Провела пальцами по его синим петлицам.
- Гимнастерка та самая, кавалерийская... И сапоги как на той фотографии, что как-то прислал со шпорами!
- Шпор нет, а сапоги те самые...
Проводила Галя мужа почти до самой вот этой лесничовки. Они остановились, когда послышался настороженный собачий лай. Назад шла чуть ли не до самой темноты: удивлялась, как легко и незаметно шла рядом с Виктором и как не идут ноги, как медленно тянется время на обратном пути.
В свою комнатушку с одним окном заходить не хотелось, сердце сжималось от сознания, что Виктора там уже нет и неизвестно, когда он будет... А может, и совсем не будет...
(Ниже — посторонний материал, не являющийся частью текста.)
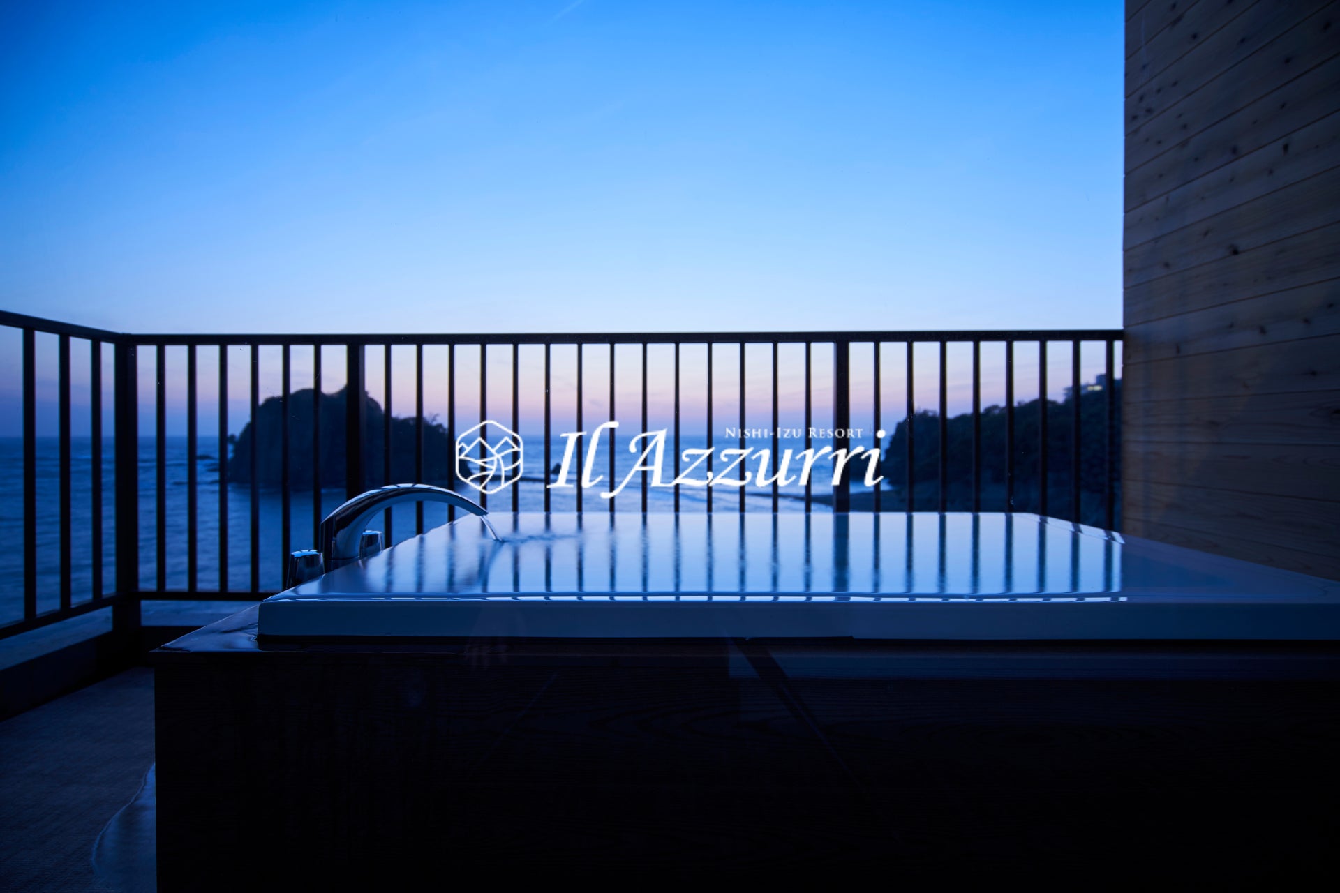 「il azzurri(イル・アズーリ)」は、東京から車で約3時間、駿河湾を望む西伊豆町の絶景ロケーションに佇む、全46室オーシャンビュー&全室露天風呂付きのリゾートホテルです。ホテル名の「il azzurri」はイタリア語で「紺碧」「英雄」を意味し、ホテルから望む西伊豆の海は、イタリア・カプリ島の紺碧の海を彷彿とさせます。

...Усталая и истомленная разлукой, свалилась на тот самый диван возле печи, где недавно сидела с Виктором. Представилось, что еще не остыло его тепло, слышится его дыхание... Уже стемнело, оконце, выходившее в сад, выделялось на белой стене неподвижным черным квадратом. И не хотелось зажигать лампу, а потом завешивать это единственное оконце и сидеть одной, как в погребе, не видеть даже того света, что еще сохранился в маленьком приусадебном садике. Главное же, исчезнет тогда представление, что Виктор еще тут, что, возможно, стоит возле окошка и вслушивается, откуда доносится тяжелый и зловещий гул вражеских самолетов да время от времени долетает эхо мощных взрывов.
"Снова Хреновое бомбят", - подумала тогда Галя...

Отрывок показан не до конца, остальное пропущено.